→ **EXERCISE DESCRIPTION**
For this exercise, output exactly the lines from the opening line of the listing through the line with "Pevný náramok z", skipping pictures.

→ **EXERCISE DATA**
%%

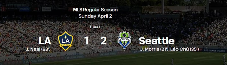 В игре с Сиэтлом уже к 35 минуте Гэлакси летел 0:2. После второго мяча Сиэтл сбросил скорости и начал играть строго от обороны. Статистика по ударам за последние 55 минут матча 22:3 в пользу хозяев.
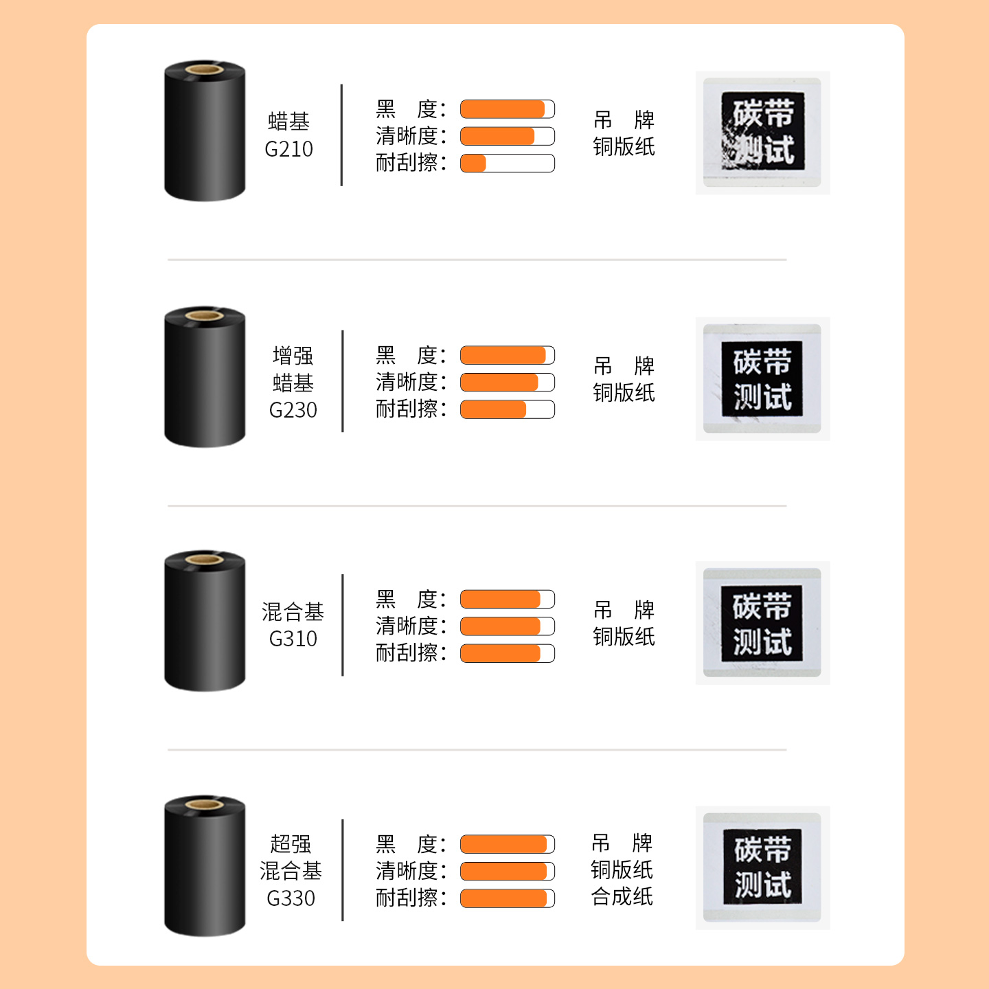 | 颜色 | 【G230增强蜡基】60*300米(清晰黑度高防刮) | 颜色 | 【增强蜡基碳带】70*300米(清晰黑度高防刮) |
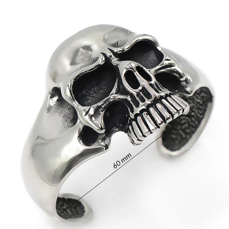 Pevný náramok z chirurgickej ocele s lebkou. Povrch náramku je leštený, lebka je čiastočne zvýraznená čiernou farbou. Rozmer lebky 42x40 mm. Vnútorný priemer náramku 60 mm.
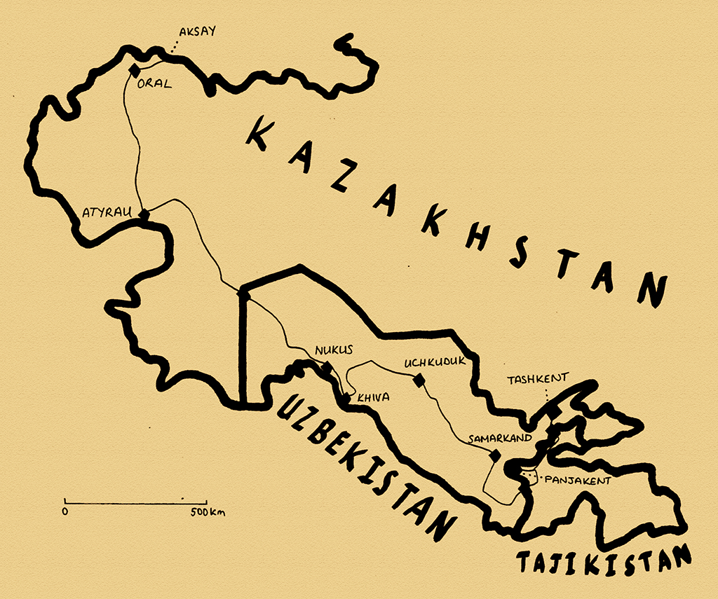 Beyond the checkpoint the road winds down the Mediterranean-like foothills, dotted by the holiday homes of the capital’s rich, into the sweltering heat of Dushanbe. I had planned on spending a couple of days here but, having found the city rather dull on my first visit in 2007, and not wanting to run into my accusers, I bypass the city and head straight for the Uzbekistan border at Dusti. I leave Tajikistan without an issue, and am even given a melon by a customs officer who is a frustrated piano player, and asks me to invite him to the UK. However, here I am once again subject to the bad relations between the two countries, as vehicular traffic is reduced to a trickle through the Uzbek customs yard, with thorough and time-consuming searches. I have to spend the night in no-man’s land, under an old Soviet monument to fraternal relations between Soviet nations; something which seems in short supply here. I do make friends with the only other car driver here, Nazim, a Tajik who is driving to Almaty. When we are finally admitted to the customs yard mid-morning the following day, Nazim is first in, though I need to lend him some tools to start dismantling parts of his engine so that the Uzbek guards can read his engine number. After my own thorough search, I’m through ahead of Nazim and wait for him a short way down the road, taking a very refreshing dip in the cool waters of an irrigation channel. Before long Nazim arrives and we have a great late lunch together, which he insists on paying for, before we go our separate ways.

%%

→ **RESULT OF THE EXERCISE**
 В игре с Сиэтлом уже к 35 минуте Гэлакси летел 0:2. После второго мяча Сиэтл сбросил скорости и начал играть строго от обороны. Статистика по ударам за последние 55 минут матча 22:3 в пользу хозяев.
 | 颜色 | 【G230增强蜡基】60*300米(清晰黑度高防刮) | 颜色 | 【增强蜡基碳带】70*300米(清晰黑度高防刮) |
 Pevný náramok z chirurgickej ocele s lebkou. Povrch náramku je leštený, lebka je čiastočne zvýraznená čiernou farbou. Rozmer lebky 42x40 mm. Vnútorný priemer náramku 60 mm.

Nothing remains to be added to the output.